Thus, in 1992, the U.S. Public Health Service (PHS) recommended that all women consume 0.4 mg folic acid daily.34 The recommended daily consumption was directed at all women, not just women planning to become pregnant, because development and closure of the neural tube takes place within 28 days after conception, before the majority of women know they are pregnant; in addition, approximately 50 per cent of pregnancies in the United States are unplanned.35 The recommendation did not specify how the population might obtain the appropriate amount of folic acid, although it did describe three potential approaches—improvement of dietary habits, fortification of the U.S. food supply, and use of dietary supplements. The report stated that FDA would explore the issue of fortification of the food supply, balancing the goal of increasing folic acid intake with concerns about safety. This process required FDA to participate in federal rule making, which involved obstetric and other medical professionals, the scientific community, consumers, and industry as well as other PHS agencies, underscoring the governmental context of public health actions.

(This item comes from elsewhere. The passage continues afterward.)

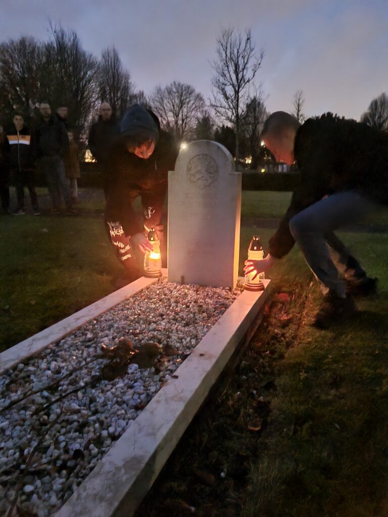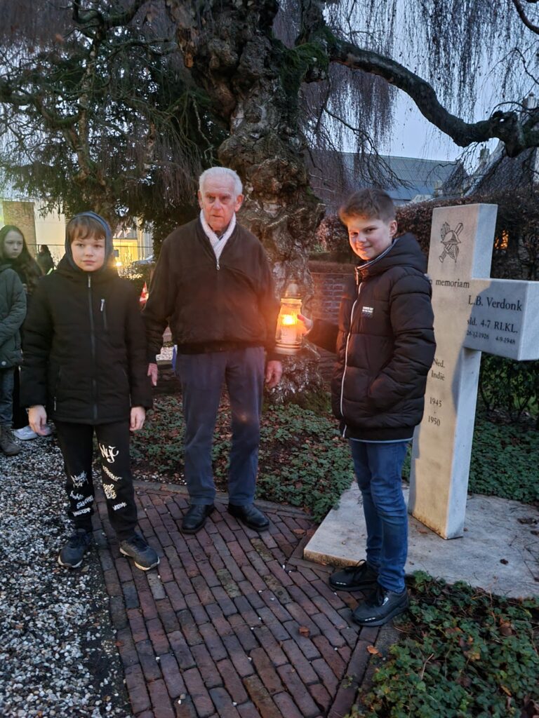 Hierna werden er door de kinderen lichtjes geplaatst bij de verschillende oorlogsgraven. Na een stilte moment werd er naar de Algemene begraafplaats aan de Maasdamseweg gewandeld alwaar ook twee lichtjes werden geplaatst bij het oorlogsgraf van dhr. Verdonk, die hier een aantal jaar geleden is herbegraven.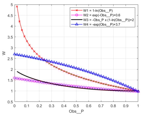 Through analysis, it can be seen that Obs_P and W should be inversely proportional to each other, and the function is designed from this aspect. Four adaptive weight functions W(Obs_P) based on Obs_P in the map scene were designed and are shown in Figure 4.

Evaluate Intervention: What Works?

Although science indicated that folic acid was effective in preventing certain NTDs, the question of how to implement effective programs to produce this outcome remained. First was the issue of ensuring that health care providers and consumers were aware of the recommendation, especially the need of women to take folic acid before becoming pregnant. Second, dietary changes are widely acknowledged as difficult to implement, even for a motivated, knowledgeable persons. And above all, the fact that half of pregnancies in this country are unplanned augmented the public health challenge. Clearly, the approach to this problem would have to be multi-pronged.

Implement Program: How Do You Do It?

As in the 1992 recommendation, FDA pursued the option of fortification of the food supply. They published a proposed rule in the Federal Register in 1993 and a final rule in March 1996.36 At that time, fortification was optional; however, the rule required fortification of enriched grain products (e.g., flours and pastas) with 140μg folic acid/100g grain beginning Jan 1, 1998. This action was expected to add 0.1mg of folate to the average person's daily diet and was intended to result in 50 percent of women of reproductive age receiving 0.4mg folate from all sources.37,38 Questions regarding whether more birth defects could be prevented with a larger dose of folic acid remain,39 but FDA wanted to balance this theoretic benefit with concerns about safety and masking vitamin B12 deficiency.

Public health partners working together to disseminate information about folic acid included CDC, FDA, HRSA, and state health agencies, along with obstetric associations and other provider groups, health plans, maternal and child health advocacy groups, public school educators, and community organizations. A CDC publication, “Preventing Neural Tube Birth Defects: A Prevention Model and Resource Guide,” outlines ways to design, develop, deliver, and evaluate an NTD prevention program in a community by using folic acid promotion as a model.40 It includes informational materials targeted at the media, physician's offices, clinics, schools, and even health clubs. In addition, in 1999, CDC, the March of Dimes Birth Defects Foundation, and the National Council on Folic Acid began a national education campaign with materials targeted to women who are thinking about pregnancy, the contemplators, and women who are able to get pregnant even if not planning to in the near future, the non-contemplators. The “Before You Know It” and “Ready, Not” brochures produced for these two groups, respectively, along with other materials, were developed after focus groups were conducted with women who were contemplators and non-contemplators, including Spanish-speaking women from various countries of origin. These materials are readily available in English and Spanish from the CDC Web site and the CDC facsimile information service.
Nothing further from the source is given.